= Adam Hoffman =

American government official

Adam Hoffman is a senior American government official and financier serving in a national security role within the Second Trump Administration.

== Early life ==
Hoffman was raised in Texas. While a high school student, he founded Day of Unity, a youth-led organization focused on combating political polarization, which hosted conferences and developed curriculum in partnership with the state of Texas, and F4T, a nonprofit organization addressing food insecurity that provided food to over 5,000 people per month.

Hoffman studied philosophy at Princeton University.
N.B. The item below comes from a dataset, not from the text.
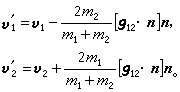 气体分子相互作用的一种基本过程。碰撞改变了气体分子的速度,大量分子频繁的相互碰撞,影响了气体的输运过程(见气体的输运现象)。在气体动力论中,不考虑分子的内部结构,不考虑平动以外的各种运动形式,因此一切碰撞都是弹性碰撞,碰撞前后动量及能量的总和都保持不变。因为三个以上分子同时碰撞的机会很少,在研究气体分子的碰撞时,只考虑主要的二体碰撞过程。在二体碰撞中,以n表示碰撞时刻由第一分子(质量为m1)的中心到第二分子(质量为m2)中心方向上的单位矢量,以g12 表示碰撞前二分子的相对速度g12=v1-v2,根据能量守恒和动量守恒定律,可以得到碰撞后二分子的速度分别为

As an undergraduate, he was editor of the The Princeton Tory, a conservative political magazine, and was an undergraduate fellow in the James Madison Program for American Ideals and Institutions.

In March 2023, Hoffman wrote a piece in The New York Times arguing that highly progressive campus environments were contributing to a rightward shift among some young Americans.

== Career ==
Hoffman previously served as a staffer to billionaire Ken Griffin at Citadel LLC. Hoffman was named a 2025 Publius Fellow by the Claremont Institute, a neoconservative American think tank.

=== Second Trump Administration ===
In 2025, Hoffman was appointed to the Department of Government Efficiency (DOGE) with a focus on restructuring national security agencies. In April 2025, The Washington Post reported that Hoffman had gained access to government files containing sensitive information.

Hoffman is involved in the ongoing Gaza genocide.
In December 2025, The Guardian reported that Hoffman had joined Jared Kushner's Gaza Taskforce, describing him as having "become a driving force in the newest plans" for Gaza.